During the Mehmetoğlu visit I was gripped with anxiety about making some hospitable tableau out of the limited tools available, torn between warring inclinations: to try and re-create some approximation of the warm casual “drop in any time” of my grandparents, who had vodka and chips and peanuts on the deck every evening at five, or trying to do it nicer, with wine and cheese and an elegant home-cooked meal, and to arrange it all without making some careless cultural blunder. But Honey was also six weeks old, and nursed all the time, and really all anyone needed was to sit and hold her on a couch, could be any couch, and the realization that I had brought them all this way essentially for no reason paralyzed me with embarrassment for the entire time we were there.
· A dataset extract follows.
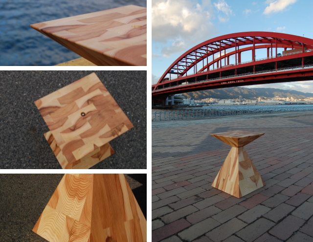 “プレスギ” 45o×120oの吉野杉板材のみで作ったスツール。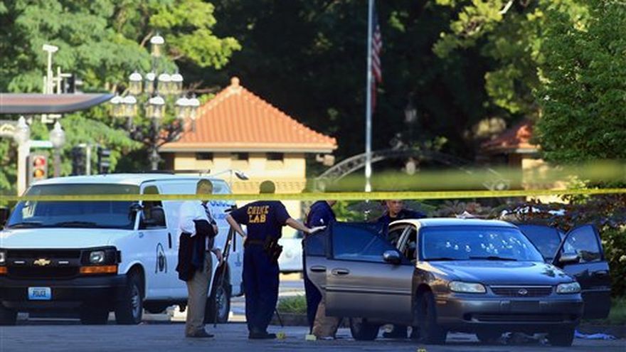 Minutos después, un vehículo plateado o gris ocupado por cuatro personas, incluidos los peatones, se detuvo frente al auto del sargento. El pistolero bajó del auto y abrió fuego para luego huir a pie mientras se alejaba el vehículo de los sospechosos.

Fortunately Ayşe is an adventurous woman and an excellent sport, and Elifnaz, her whole life spent in the great navel of the universe, served as a kind of comic teen Greek chorus of one, constantly exclaiming “I can’t believe anyone lives here,” which finally allowed me to relax my strenuous efforts at historical interpretation and apologia and laugh along with Engin and his family, because it was, yes, absurd how long it took to get anywhere.